Saved entries
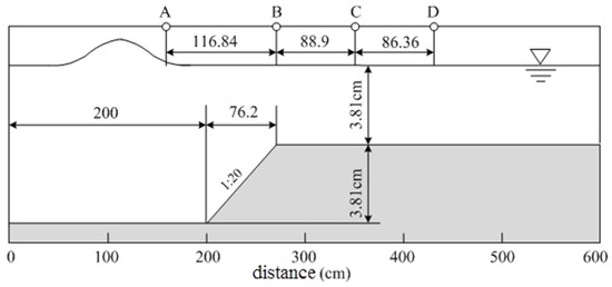 Madsen made an experimental setup to study the solitary wave shoaling over a submerged bar [31], as shown in Figure 7. There was a slope which was 200 cm far from the left side of the channel. The solitary wave propagates from a constant depth h1 = 7.62 cm to a smaller constant depth h2 = 3.81 cm through a slope. There were four stations, A, B, C and D (x = 159.36, 276.2, 365.1, 423.52 cm), observing the free surface. The initial position of the wave crest was at x = −80 cm, and its amplitude was 0.9144 cm. The size of the simulation region is 600 cm and the simulation time is 10 s; Δx = Δy = 5 cm; Δt = 0.001 s.
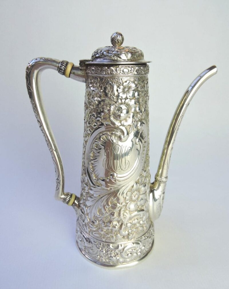 Tiffany & Co. Sterling Silver Repoussé Turkish Coffee Pot circa 1880
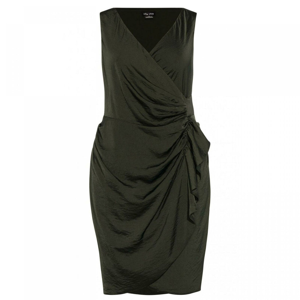 A new shape that's bound to please, City Chic's plus size dress features flattering wrap styling and a sateen finish.
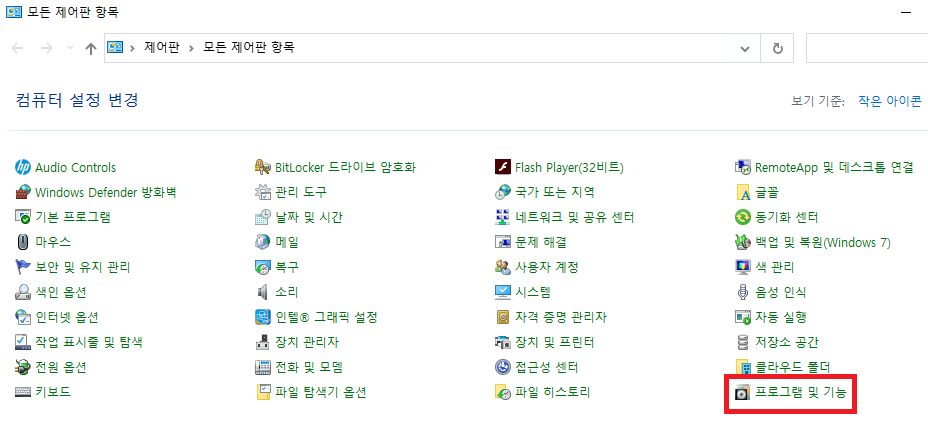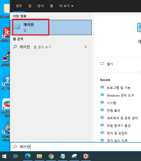 윈도우키 제어판 입력 -> 제어판 앱이 나타나면 클릭한다.
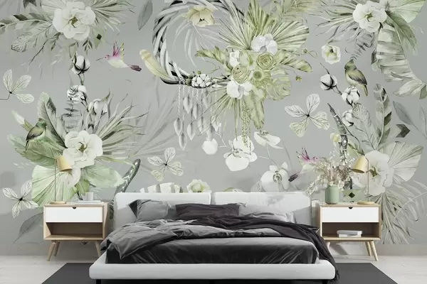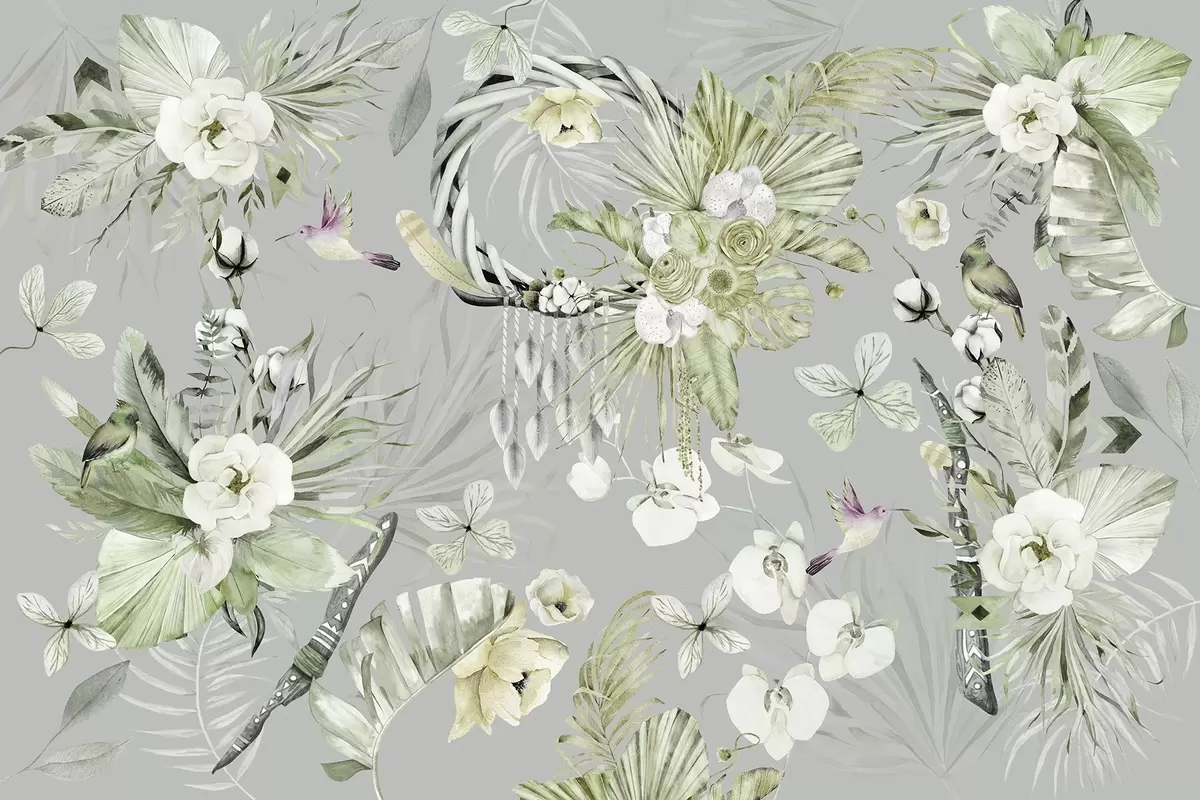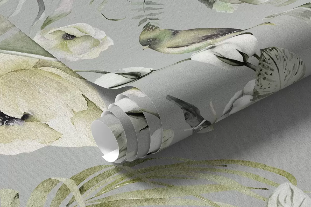 Valokuvatapetti Boho-tyylinen koriste, jossa pionikukkia ja lintuja, vesivärityyli, vihreät värit Nr w03885v2
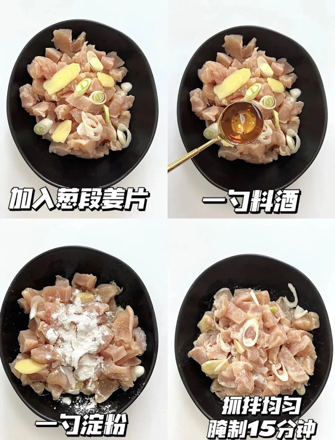 1⃣️鸡胸肉切小块,加葱姜蒜➕一勺料酒➕一勺淀粉抓拌均匀腌制15分钟。
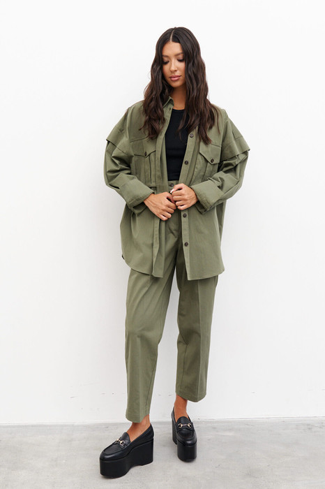 Рубашка прямого свободного кроя. Характеристики: отложной воротник, застежка центральная - петли пуговицы, рукав спущен: по окату рукава вставлен декоративный эленент "крыло", по низу рукава манжета на пуговицах, по переду изделия крупные карманы с лацканом, спинка отрезная с декоративной сборкой, низ в изделии с плавным срезом. Длина по спинке 76 см, длина рукава 54 см.
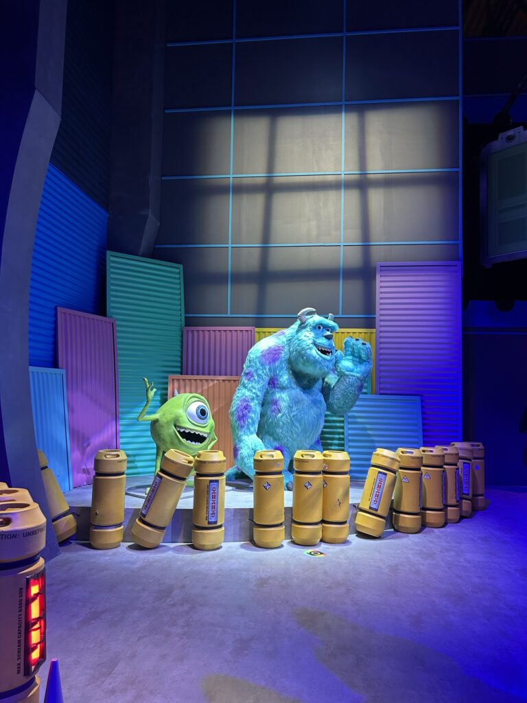 Si certaines salles nous engagent pleinement dans la magie Pixar, d’autres laissent à désirer. L’espace Monstres & Cie manque cruellement d’un élément clé : Boo. J’aurais adoré une reconstitution de sa chambre ou une porte magique à traverser. Là, la porte ne s’ouvrait même pas totalement. « Ça manque de quelque chose, laissez-moi entrer, traverser cette porte », note Amani. Je ne peux qu’acquiescer.
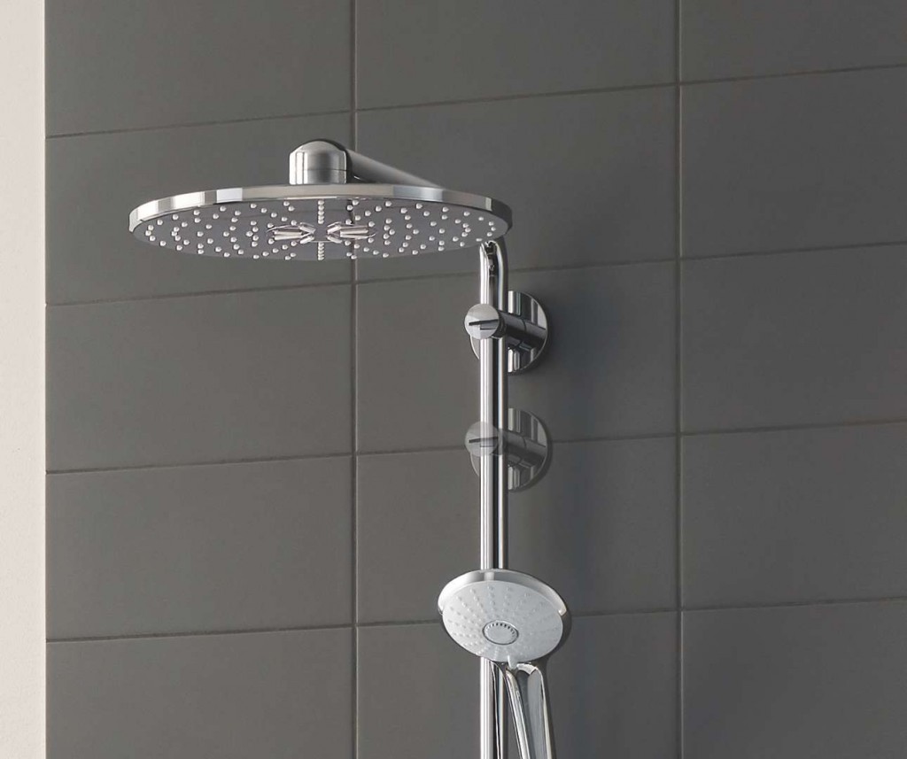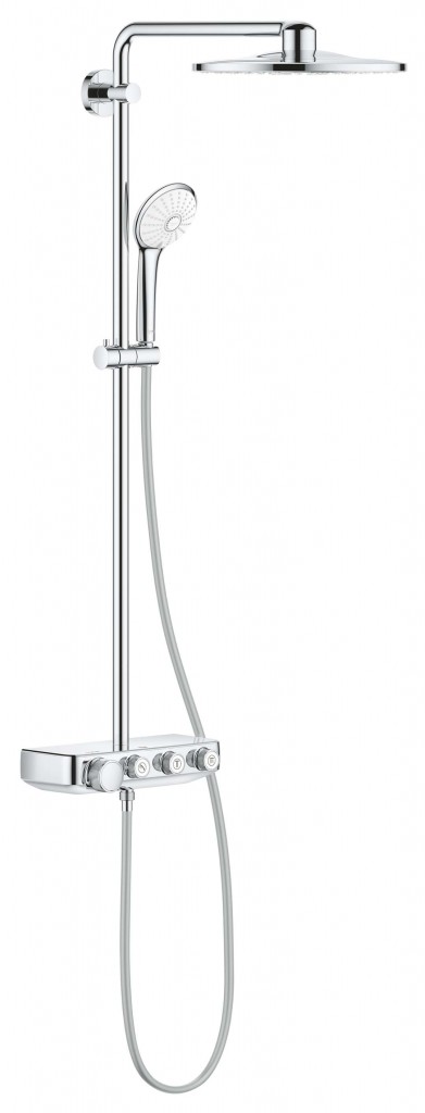 - hlavovú sprchu Rainshower 310 SmartActive s chrómovým sprchovým diskom, s režimom prúdu GROHE PureRain kombinovaným s výkonnou stredovou tryskou - systém DUO
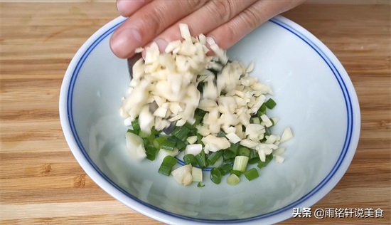 第七步:把葱切葱花,蒜切成末,全部切好放碗里备用。
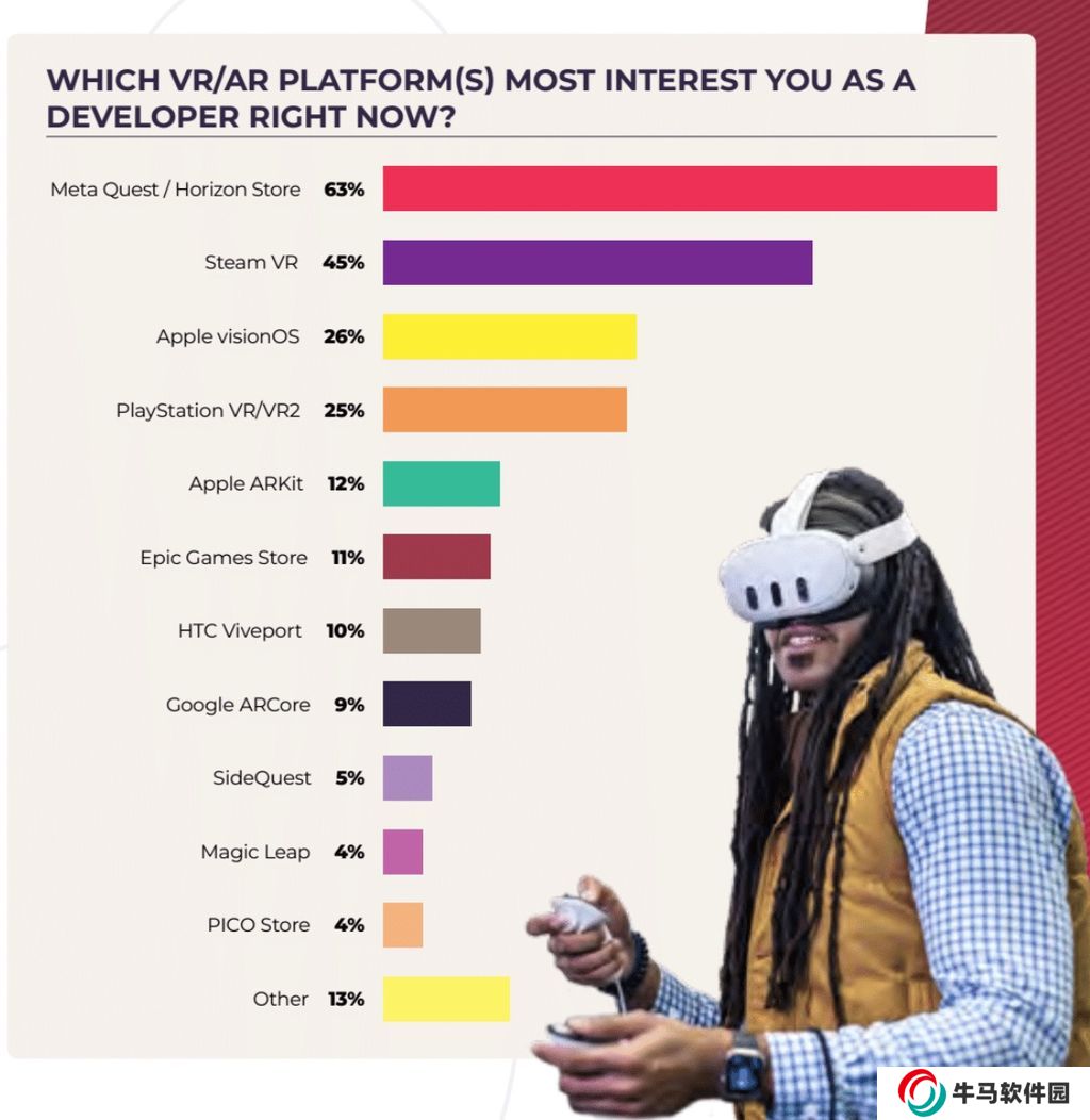 平臺(tái)吸引力方面,26% 的開(kāi)發(fā)者對(duì) visionOS 平臺(tái)高度感興趣,這一比例略高于 PlayStation VR2 (25%)。這表明 Vision Pro 在開(kāi)發(fā)者群體中具有較強(qiáng)的吸引力,其未來(lái)發(fā)展?jié)摿Σ蝗菪∮U。

**YOUR ASSIGNMENT**
Drop the pictures and set down the data above exactly.

**SOLUTION BELOW**
 Madsen made an experimental setup to study the solitary wave shoaling over a submerged bar [31], as shown in Figure 7. There was a slope which was 200 cm far from the left side of the channel. The solitary wave propagates from a constant depth h1 = 7.62 cm to a smaller constant depth h2 = 3.81 cm through a slope. There were four stations, A, B, C and D (x = 159.36, 276.2, 365.1, 423.52 cm), observing the free surface. The initial position of the wave crest was at x = −80 cm, and its amplitude was 0.9144 cm. The size of the simulation region is 600 cm and the simulation time is 10 s; Δx = Δy = 5 cm; Δt = 0.001 s.
 Tiffany & Co. Sterling Silver Repoussé Turkish Coffee Pot circa 1880
 A new shape that's bound to please, City Chic's plus size dress features flattering wrap styling and a sateen finish.
 윈도우키 제어판 입력 -> 제어판 앱이 나타나면 클릭한다.
 Valokuvatapetti Boho-tyylinen koriste, jossa pionikukkia ja lintuja, vesivärityyli, vihreät värit Nr w03885v2
 1⃣️鸡胸肉切小块,加葱姜蒜➕一勺料酒➕一勺淀粉抓拌均匀腌制15分钟。
 Рубашка прямого свободного кроя. Характеристики: отложной воротник, застежка центральная - петли пуговицы, рукав спущен: по окату рукава вставлен декоративный эленент "крыло", по низу рукава манжета на пуговицах, по переду изделия крупные карманы с лацканом, спинка отрезная с декоративной сборкой, низ в изделии с плавным срезом. Длина по спинке 76 см, длина рукава 54 см.
 Si certaines salles nous engagent pleinement dans la magie Pixar, d’autres laissent à désirer. L’espace Monstres & Cie manque cruellement d’un élément clé : Boo. J’aurais adoré une reconstitution de sa chambre ou une porte magique à traverser. Là, la porte ne s’ouvrait même pas totalement. « Ça manque de quelque chose, laissez-moi entrer, traverser cette porte », note Amani. Je ne peux qu’acquiescer.
 - hlavovú sprchu Rainshower 310 SmartActive s chrómovým sprchovým diskom, s režimom prúdu GROHE PureRain kombinovaným s výkonnou stredovou tryskou - systém DUO
 第七步:把葱切葱花,蒜切成末,全部切好放碗里备用。
 平臺(tái)吸引力方面,26% 的開(kāi)發(fā)者對(duì) visionOS 平臺(tái)高度感興趣,這一比例略高于 PlayStation VR2 (25%)。這表明 Vision Pro 在開(kāi)發(fā)者群體中具有較強(qiáng)的吸引力,其未來(lái)發(fā)展?jié)摿Σ蝗菪∮U。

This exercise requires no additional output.